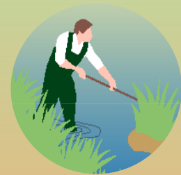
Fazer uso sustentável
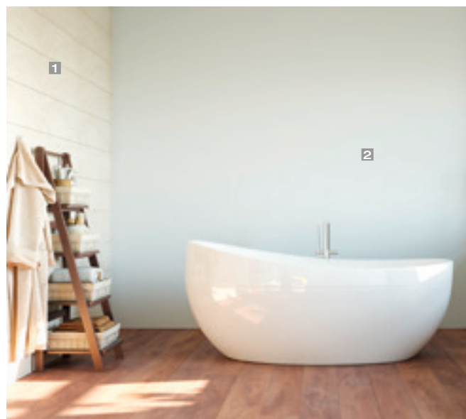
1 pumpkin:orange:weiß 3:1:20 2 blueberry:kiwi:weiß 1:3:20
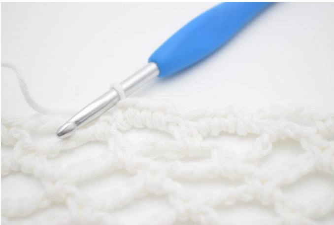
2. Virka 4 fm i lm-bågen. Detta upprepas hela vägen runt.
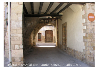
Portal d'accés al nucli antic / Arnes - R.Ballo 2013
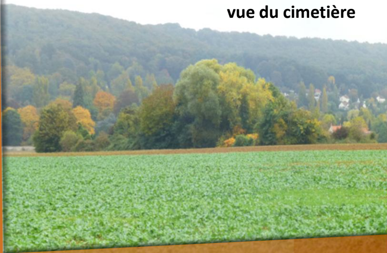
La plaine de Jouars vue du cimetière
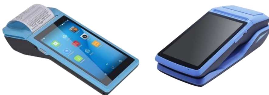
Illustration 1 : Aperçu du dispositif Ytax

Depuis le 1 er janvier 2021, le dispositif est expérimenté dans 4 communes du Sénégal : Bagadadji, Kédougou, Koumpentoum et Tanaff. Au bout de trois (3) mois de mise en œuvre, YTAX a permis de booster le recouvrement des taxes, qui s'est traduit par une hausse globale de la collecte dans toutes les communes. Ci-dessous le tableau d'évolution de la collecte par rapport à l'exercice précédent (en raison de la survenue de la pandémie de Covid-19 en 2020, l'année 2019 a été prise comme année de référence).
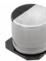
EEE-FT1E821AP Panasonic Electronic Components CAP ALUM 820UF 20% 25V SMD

* **INSTRUCTIONS TO FOLLOW**: Beginning with the line where "Illustration 1 : Aperçu du dispositif Ytax" appears, reproduce every remaining line of the listing above, the last one included, but none of the pictures.

* **WRITTEN ANSWER**:
Illustration 1 : Aperçu du dispositif Ytax

Depuis le 1 er janvier 2021, le dispositif est expérimenté dans 4 communes du Sénégal : Bagadadji, Kédougou, Koumpentoum et Tanaff. Au bout de trois (3) mois de mise en œuvre, YTAX a permis de booster le recouvrement des taxes, qui s'est traduit par une hausse globale de la collecte dans toutes les communes. Ci-dessous le tableau d'évolution de la collecte par rapport à l'exercice précédent (en raison de la survenue de la pandémie de Covid-19 en 2020, l'année 2019 a été prise comme année de référence).
EEE-FT1E821AP Panasonic Electronic Components CAP ALUM 820UF 20% 25V SMD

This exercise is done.